The one earthquake I recall being in when I was in an office building downtown was fascinating because of the sway factor. I was in a room with no windows at the time, and I suddenly found myself wondering why I was getting dizzy – something I’m not at all prone to. Yep…earthquake.

Also: example of an earthquake preparedness kit.

1) Have you ever experienced an earthquake? When was your most recent experience?
Yes, February this year.

2) If so, what’s the largest magnitude quake you’ve ever felt? Describe your experience.
Probably around about the strength of that one: maximum 4.5. I’ve felt tremors going underneath Rotorua, down south in the volcanic plateau, which were like something like a train rumbling under the feet. But in the Auckland one, it was like something had landed heavily on my house’s roof, then started shaking it, slowly. I felt the building move, but nothing was broken.
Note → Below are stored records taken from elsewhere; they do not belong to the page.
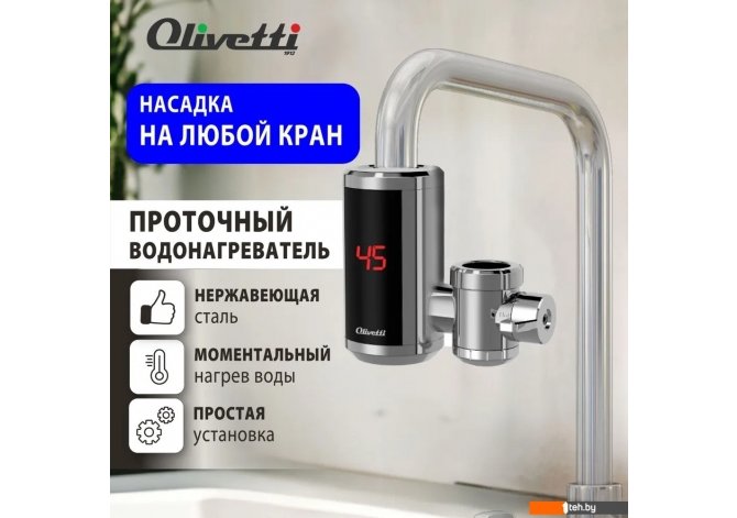 Информация | - Проточный водонагреватель OLIVETTI OL-WH4050SS - это удобное решение для тех, кто хочет всегда иметь горячую воду без установки бойлера. - В период отключения горячей воды, этот проточный водонагреватель на кране обеспечит непрерывное горячее водоснабжение для комфортного использования. - Не нужно греть воду на плите или в чайнике - достаточно включить кран и получить мгновенно нагретую воду для умывания, мытья рук или постирки легкой одежды. |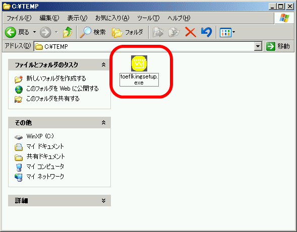 | 1 | 任意のディレクトリにダウンロードしたtoeflkingsetup.exeをエクスプローラからダブルクリックして起動します。下図の例では C:\temp ディレクトリにダウンロードした toeflkingsetup.exe を起動しています。![]() 自動的にPCにWindowsインストーラが入っているか調べ、Windowsインストーラが無い場合にはインストールします。既にWindowsインストーラが入っている場合には自動的に4のTOEFLKINGのインストールの準備画面が開始されます。 ![]() |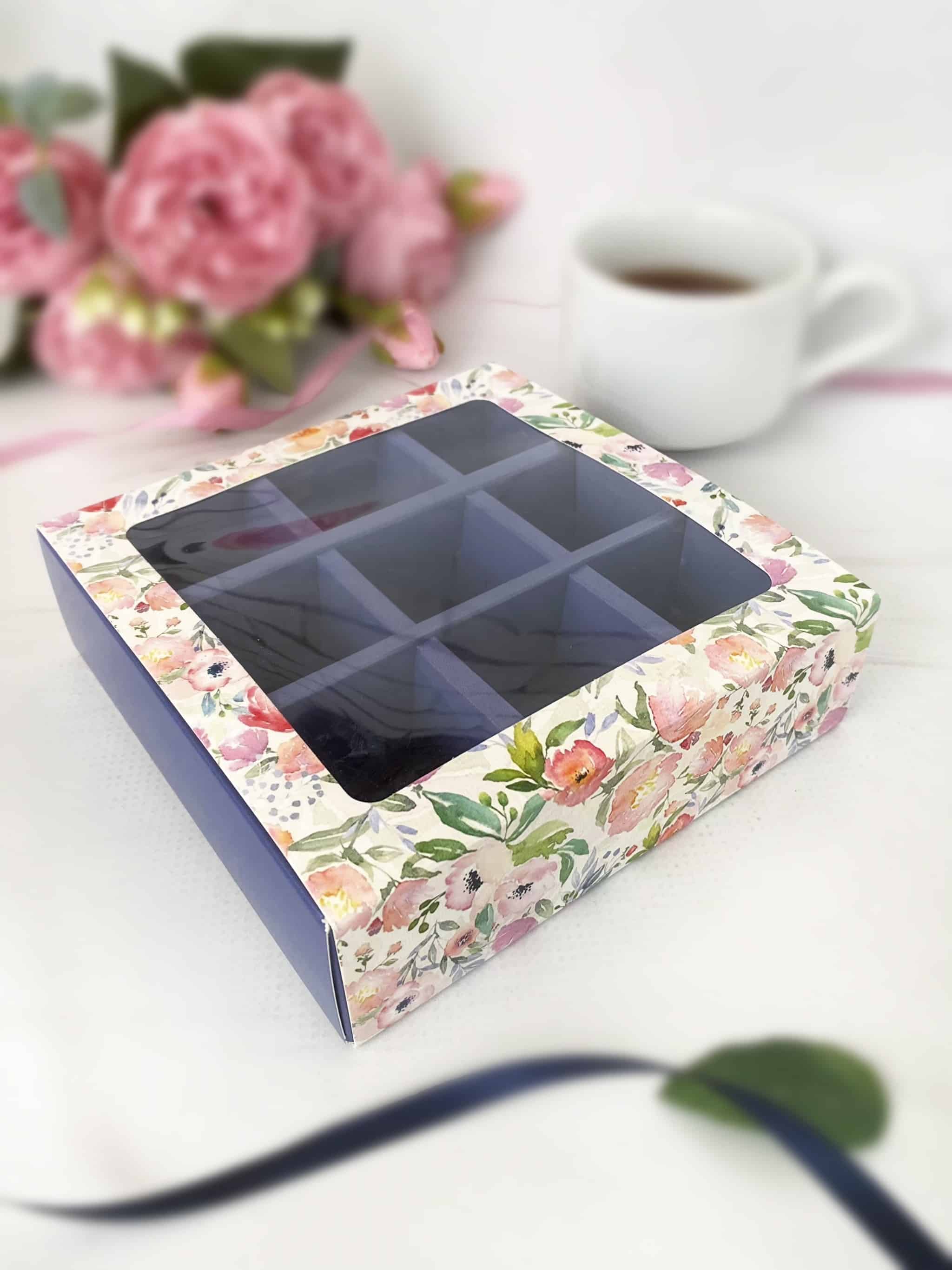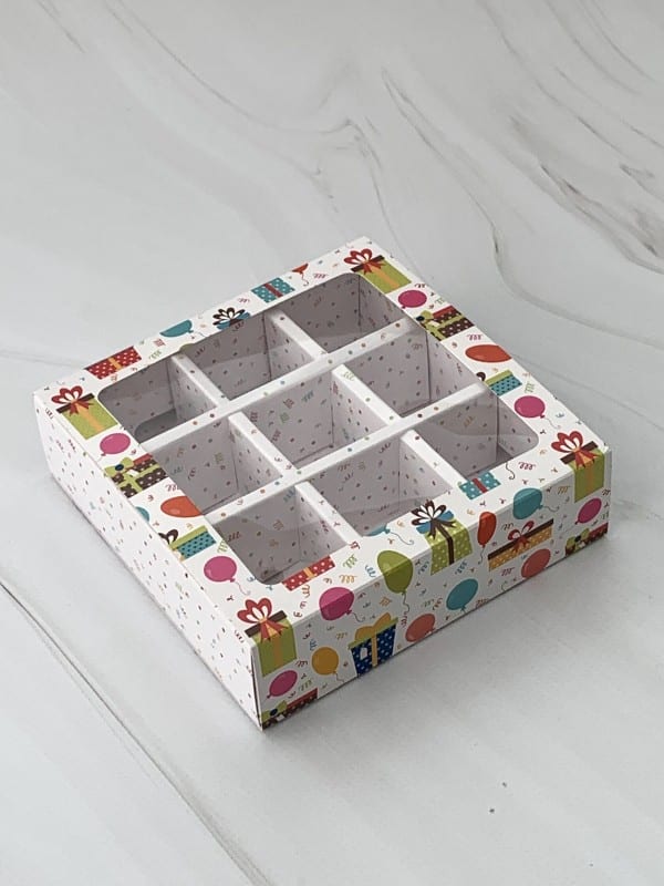 Коробка на 12 конфет с внутренними разделителями. Размер ячеек 3,5*3,5*3,5 см. Подходит для пряников, мармелада и иных сладких презентов. Может использоваться для размещения изделий ручной работы

3) Regardless of whether you’ve experienced one or not, do you fear earthquakes?
No. They’re rare here in Auckland – we were more concerned about the cost of any damage, and whether it would trigger off the volcanic field we’re sitting on.

4) If you live in earthquake territory, do you have a preparedness kit?
No. I’m a slackarse at that kind of thing.

5) If you have a choice between living in an earthquake-prone area or a tornado or hurricane prone area, which would you choose/avoid, and why?
I’d prefer to be right where I am. As I said, big earthquakes aren’t that common here, despite the fact that NZ is split by the ol’ Ring of Fire. We get tornadoes and cyclones in this country – I prefer the rare to the more common, every time.

I’ve felt both types. I think it has to do with the earthquake itself (some of them last longer than others) and how far you are from the epicenter (different types of earthquake waves travel at different speeds in the ground).

Here’s a booklet I’ve heard about.

As for the bookcases, you can get straps to hold them to the walls. You can order them online, or someone at a local hardware store would probably know where to get them if they didn’t sell them.

That doesn’t happen in real earthquakes, only in movie earthquakes, and even then only to major evil characters. If you find yourself in a movie earthquake, you should climb the nearest cell phone tower- we learned from 10.5 Apocalypse that there will still be cell phone service in Southern California, even after a 10.5 magnitude earthquake.

  1. Have you ever experienced an earthquake? When was your most recent experience?
    Once that I know of. I don’t remember when it was exactly, but around six or seven years ago.

  2. If so, what’s the largest magnitude quake you’ve ever felt? Describe your experience.
    I don’t know. I thought it was a low-flying plane or a really big truck passing by. I only learned it was an earthquake the next day.

  3. Regardless of whether you’ve experienced one or not, do you fear earthquakes?
    Not at all. Now, if I lived somewhere like California, perhaps.

  4. If you live in earthquake territory, do you have a preparedness kit?
    No and no. The only stuff I tend to keep on hand is stuff for when the power’s out or I’m snowed in (which itself has only happened once, but those five days were quite enough, thank you).

  5. If you have a choice between living in an earthquake-prone area or a tornado or hurricane prone area, which would you choose/avoid, and why?
    I’ll take hurricane. They’re just rain by the time they get here anyway. If you mean I have to choose somewhere that gets severe earthquakes, tornadoes, or hurricanes, I still pick hurricane. At least you get advanced warning to either batten down or run away.